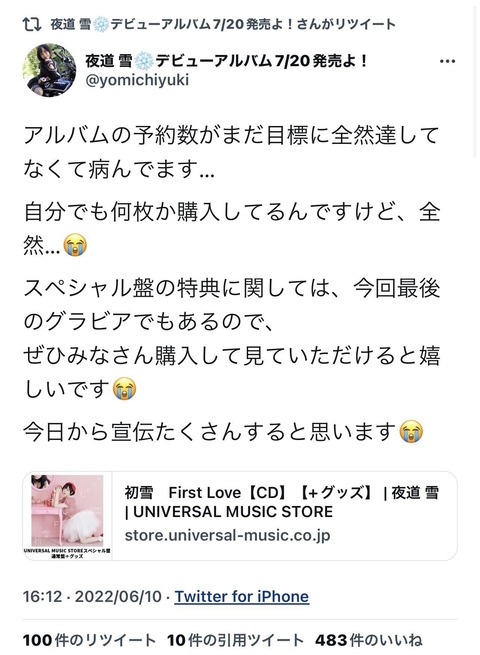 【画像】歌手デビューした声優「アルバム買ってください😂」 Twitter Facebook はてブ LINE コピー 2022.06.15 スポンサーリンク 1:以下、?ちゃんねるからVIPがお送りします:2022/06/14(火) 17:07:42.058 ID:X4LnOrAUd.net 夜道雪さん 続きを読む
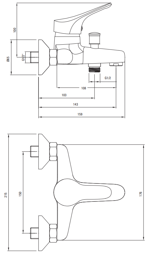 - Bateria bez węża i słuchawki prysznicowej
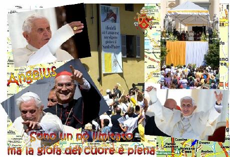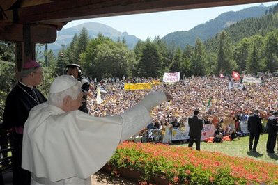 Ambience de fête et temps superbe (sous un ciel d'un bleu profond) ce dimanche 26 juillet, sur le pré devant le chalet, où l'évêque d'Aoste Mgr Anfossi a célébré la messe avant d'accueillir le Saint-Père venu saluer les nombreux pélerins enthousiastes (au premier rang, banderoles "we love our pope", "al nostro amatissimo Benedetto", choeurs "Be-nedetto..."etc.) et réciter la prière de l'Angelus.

---

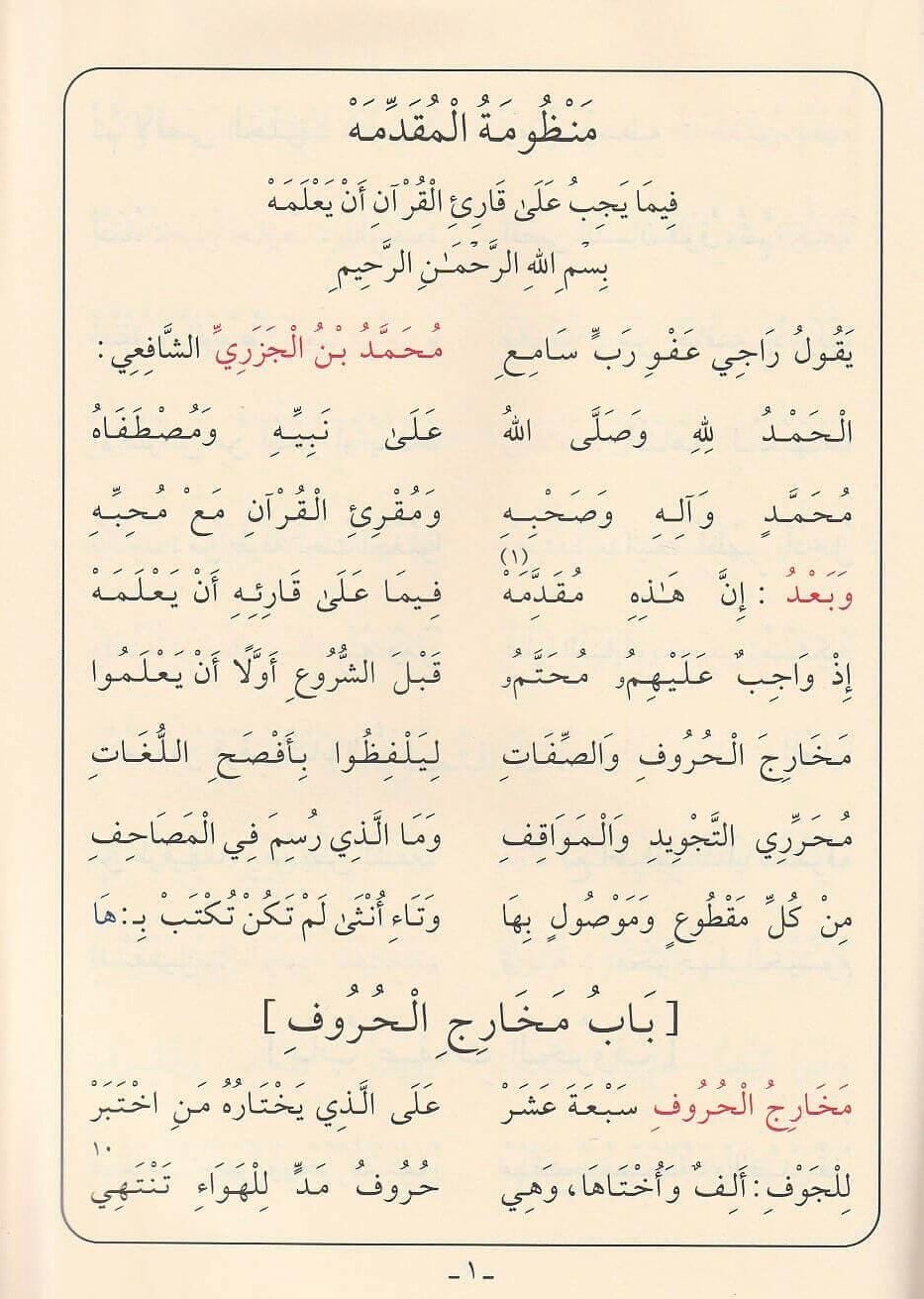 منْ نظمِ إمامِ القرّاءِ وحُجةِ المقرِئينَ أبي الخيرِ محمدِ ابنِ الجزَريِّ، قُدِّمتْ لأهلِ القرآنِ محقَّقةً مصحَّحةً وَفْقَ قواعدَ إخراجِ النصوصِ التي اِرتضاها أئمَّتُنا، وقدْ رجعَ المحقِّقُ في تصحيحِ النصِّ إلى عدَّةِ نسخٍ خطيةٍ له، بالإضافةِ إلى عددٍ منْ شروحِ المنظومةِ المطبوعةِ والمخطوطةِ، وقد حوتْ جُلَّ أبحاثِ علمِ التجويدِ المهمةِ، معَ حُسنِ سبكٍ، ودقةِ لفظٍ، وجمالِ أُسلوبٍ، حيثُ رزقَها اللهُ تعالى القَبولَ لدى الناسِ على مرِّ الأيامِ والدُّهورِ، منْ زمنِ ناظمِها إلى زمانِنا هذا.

Exercise prompt » Leaving pictures out, output the lines of the data above from the one with "ID:X4LnOrAUd.net 夜道雪さん 続きを読む" through the one with "- Bateria bez węża i słuchawki prysznicowej", word for word.

Problem solution »
 【画像】歌手デビューした声優「アルバム買ってください😂」 Twitter Facebook はてブ LINE コピー 2022.06.15 スポンサーリンク 1:以下、?ちゃんねるからVIPがお送りします:2022/06/14(火) 17:07:42.058 ID:X4LnOrAUd.net 夜道雪さん 続きを読む
 - Bateria bez węża i słuchawki prysznicowej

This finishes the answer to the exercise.